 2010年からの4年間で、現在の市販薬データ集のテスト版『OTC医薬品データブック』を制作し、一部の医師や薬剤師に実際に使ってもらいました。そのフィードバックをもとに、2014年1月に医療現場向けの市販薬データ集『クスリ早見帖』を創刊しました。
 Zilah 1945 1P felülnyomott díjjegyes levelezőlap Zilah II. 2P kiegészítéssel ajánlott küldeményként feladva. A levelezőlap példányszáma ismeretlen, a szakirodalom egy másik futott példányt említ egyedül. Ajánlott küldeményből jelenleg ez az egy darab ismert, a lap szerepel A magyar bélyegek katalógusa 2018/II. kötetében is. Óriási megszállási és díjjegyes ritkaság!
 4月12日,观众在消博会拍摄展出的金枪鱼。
==
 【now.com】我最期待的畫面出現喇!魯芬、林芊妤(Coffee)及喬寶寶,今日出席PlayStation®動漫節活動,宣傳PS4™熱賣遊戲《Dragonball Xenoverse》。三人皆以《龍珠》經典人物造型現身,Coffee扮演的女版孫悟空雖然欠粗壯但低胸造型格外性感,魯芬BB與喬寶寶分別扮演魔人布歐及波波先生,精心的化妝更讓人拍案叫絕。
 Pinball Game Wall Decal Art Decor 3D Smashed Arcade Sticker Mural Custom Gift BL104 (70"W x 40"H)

> What this task involves: Give back the records above exactly, limited to the lines between the one holding "Zilah 1945 1P" and the one holding "4月12日,观众在消博会拍摄展出的金枪鱼。", inclusive.

> Solution to the problem:
 Zilah 1945 1P felülnyomott díjjegyes levelezőlap Zilah II. 2P kiegészítéssel ajánlott küldeményként feladva. A levelezőlap példányszáma ismeretlen, a szakirodalom egy másik futott példányt említ egyedül. Ajánlott küldeményből jelenleg ez az egy darab ismert, a lap szerepel A magyar bélyegek katalógusa 2018/II. kötetében is. Óriási megszállási és díjjegyes ritkaság!
 4月12日,观众在消博会拍摄展出的金枪鱼。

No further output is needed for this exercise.